Stored records:
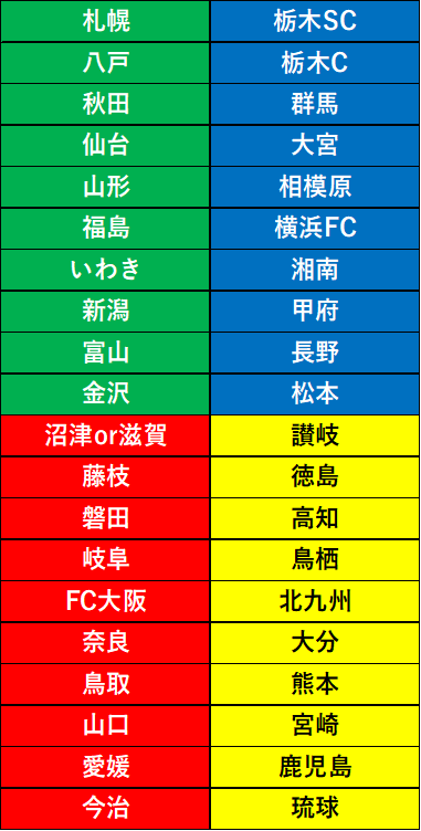 J2J3の東西南北は「北が開幕できなくなる(最低5か所非降雪地が必要)」という事情で、地理的要素だけとはしないことが公表されてます
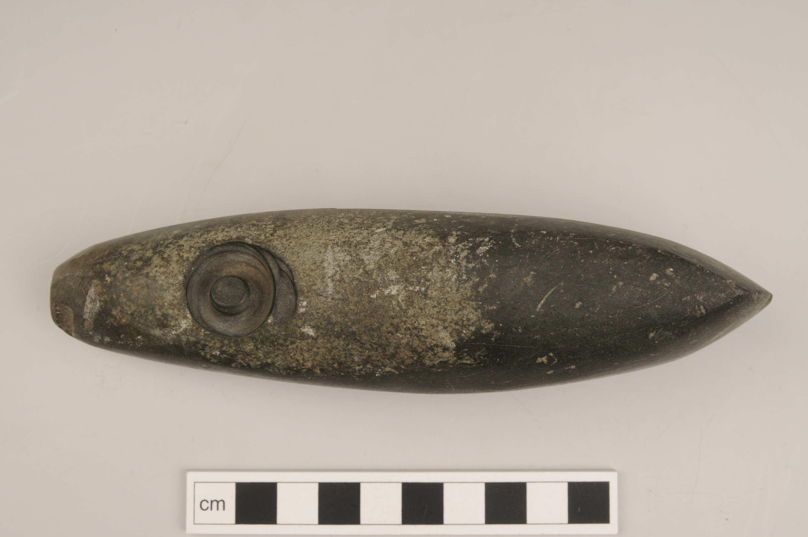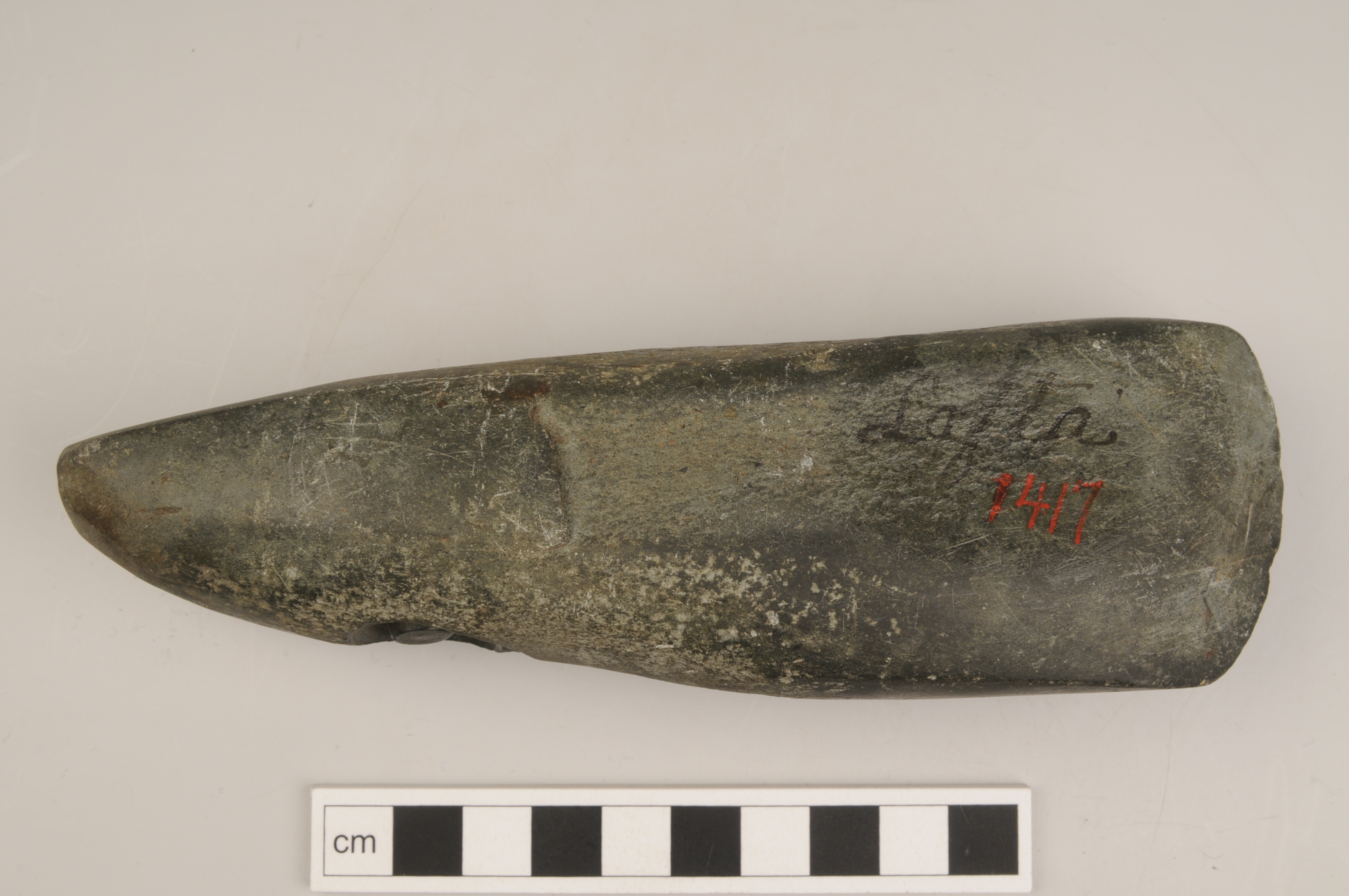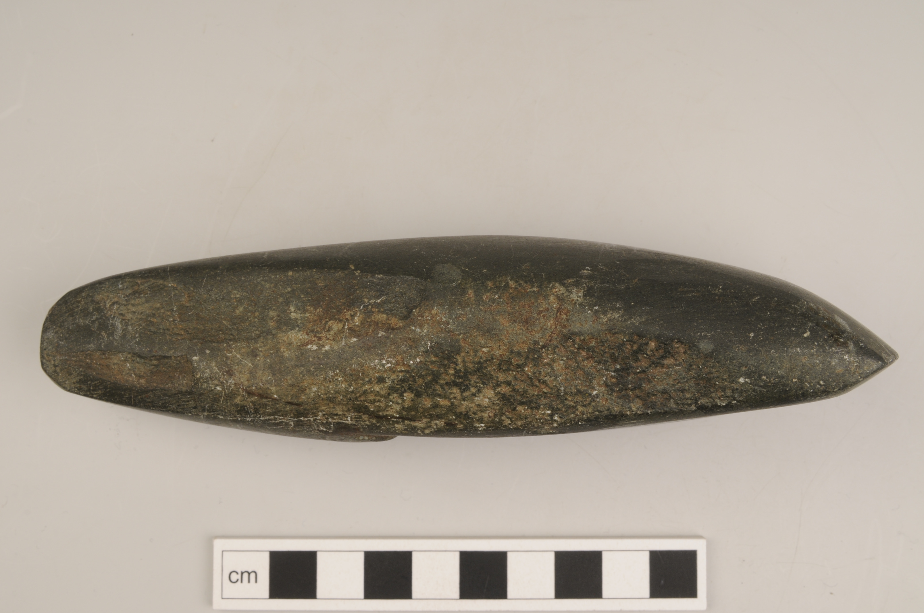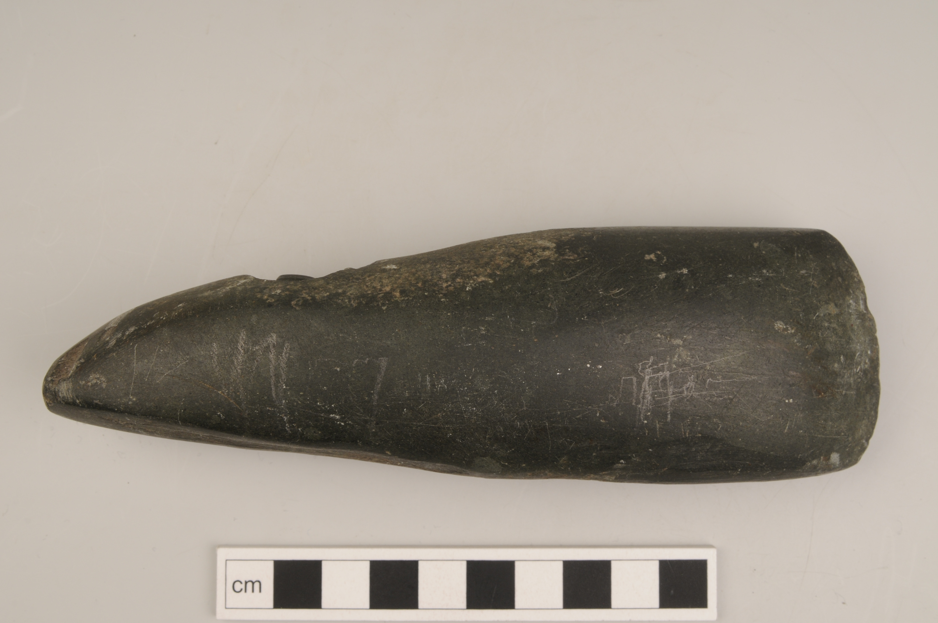 slipad yxa av tät grön bergart. På ena smalsidan finns ett påbörjat skafthål, ca 5 mm djupt, med en uppåtstående pigg.
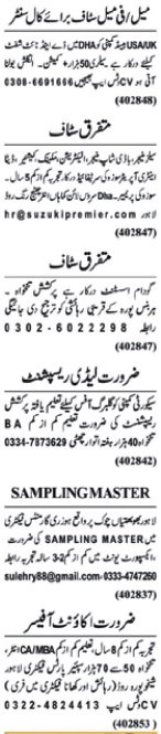Candidates with Bachelor, B.com, Intermediate, MBA, Middle, Matric and CA etc. educational background will be preferred.
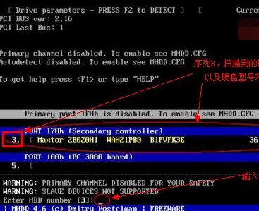 輸入序號3,然后回車確定。說明一下這個3就是mhdd工具檢測到的硬盤序列號。
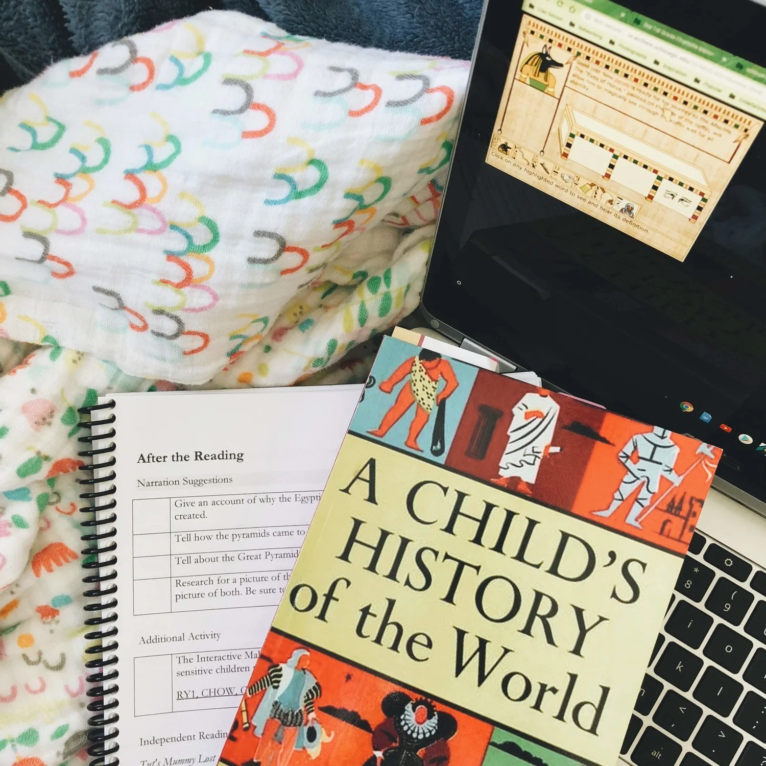 Every day after lunch we have quiet time. Right now, it’s based around our three-year-old’s need for a nap. Once she stops napping we will still have quiet time, though! Sometimes I finally get to eat my lunch at this time, swap out the laundry, catch up on dishes, read, etc. But today, we still had history to do so after I finished some of my chores, we cuddled up on the couch to read together.
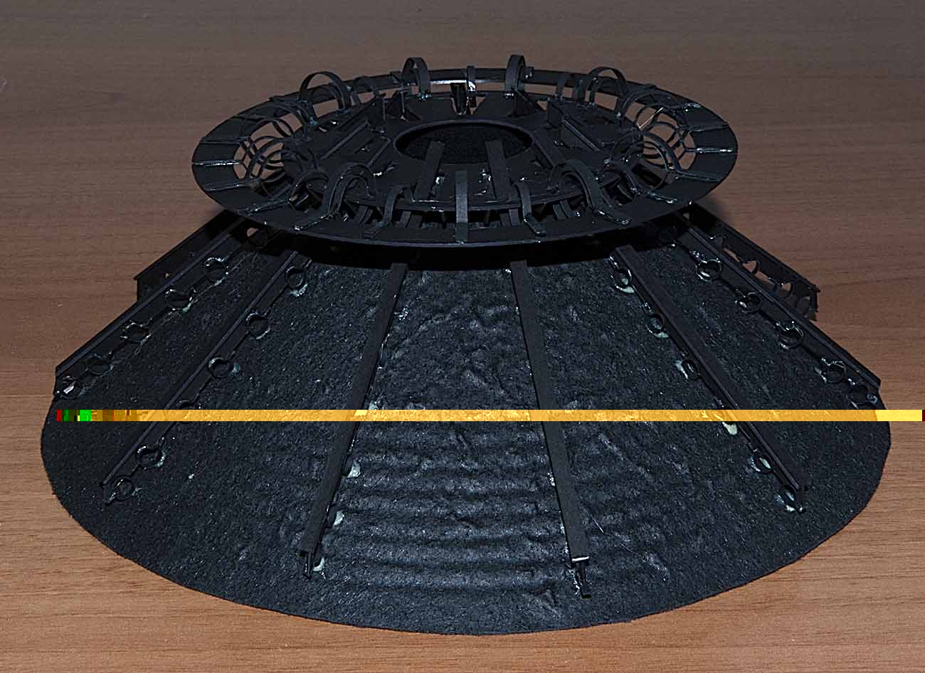 Убрал волны верхнего подвеса и вместо них приклеил жесткий, заглушенный ребрами жесткости обод. Пока все это еще без петелек.
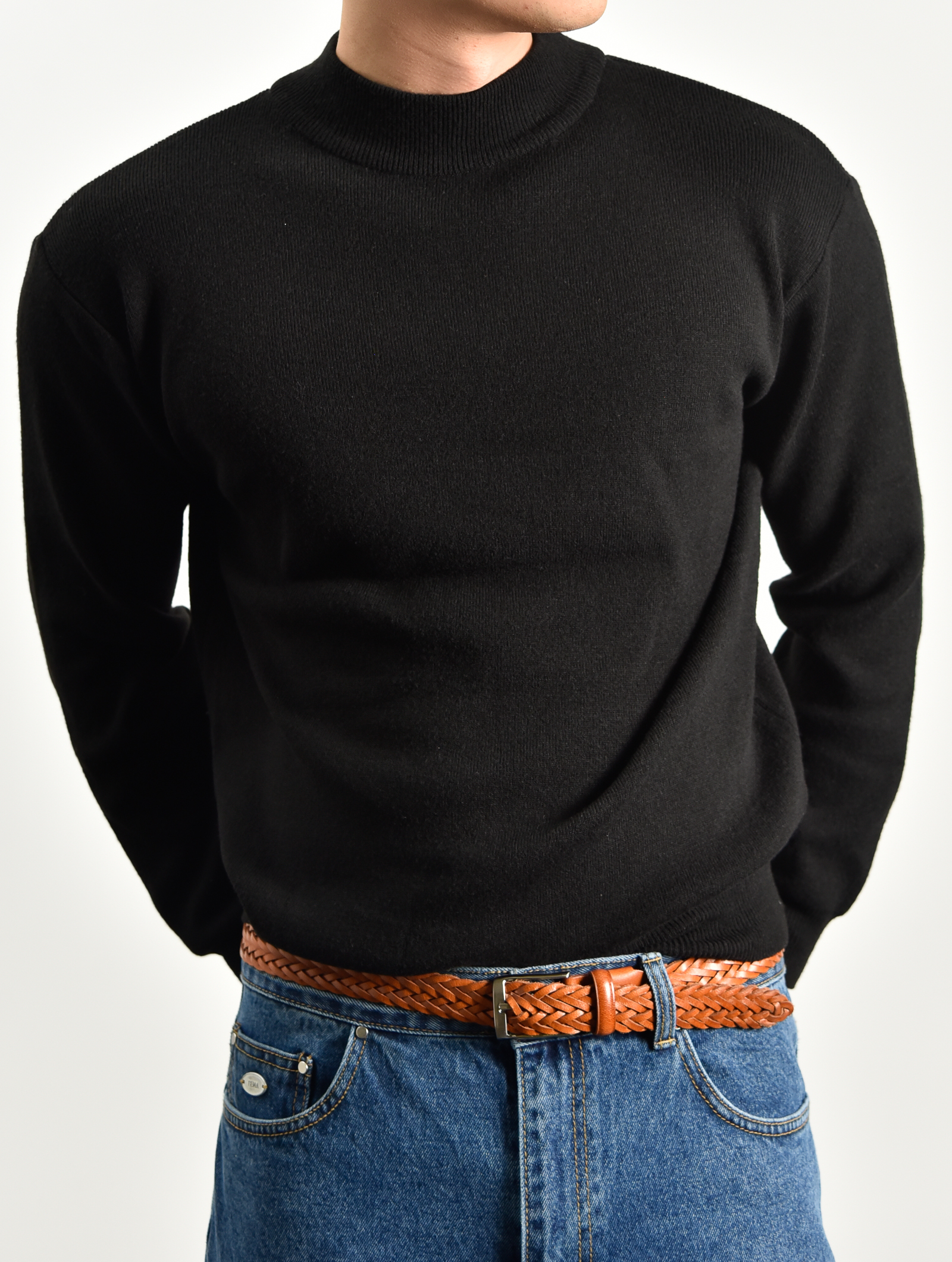 針織內搭小高領 - 黑
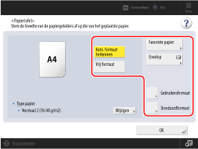 Als papier in de multifunctionele lade is geplaatst, verschijnt het volgende scherm op het bedieningspaneel. Stel papierformaat en -soort in voor het geplaatste papier.

**ACTION ITEM:** Output the entries above verbatim, leaving out images.

**ANSWER TO THE EXERCISE:**
 J2J3の東西南北は「北が開幕できなくなる(最低5か所非降雪地が必要)」という事情で、地理的要素だけとはしないことが公表されてます
 slipad yxa av tät grön bergart. På ena smalsidan finns ett påbörjat skafthål, ca 5 mm djupt, med en uppåtstående pigg.
Candidates with Bachelor, B.com, Intermediate, MBA, Middle, Matric and CA etc. educational background will be preferred.
 輸入序號3,然后回車確定。說明一下這個3就是mhdd工具檢測到的硬盤序列號。
 Every day after lunch we have quiet time. Right now, it’s based around our three-year-old’s need for a nap. Once she stops napping we will still have quiet time, though! Sometimes I finally get to eat my lunch at this time, swap out the laundry, catch up on dishes, read, etc. But today, we still had history to do so after I finished some of my chores, we cuddled up on the couch to read together.
 Убрал волны верхнего подвеса и вместо них приклеил жесткий, заглушенный ребрами жесткости обод. Пока все это еще без петелек.
 針織內搭小高領 - 黑
 Als papier in de multifunctionele lade is geplaatst, verschijnt het volgende scherm op het bedieningspaneel. Stel papierformaat en -soort in voor het geplaatste papier.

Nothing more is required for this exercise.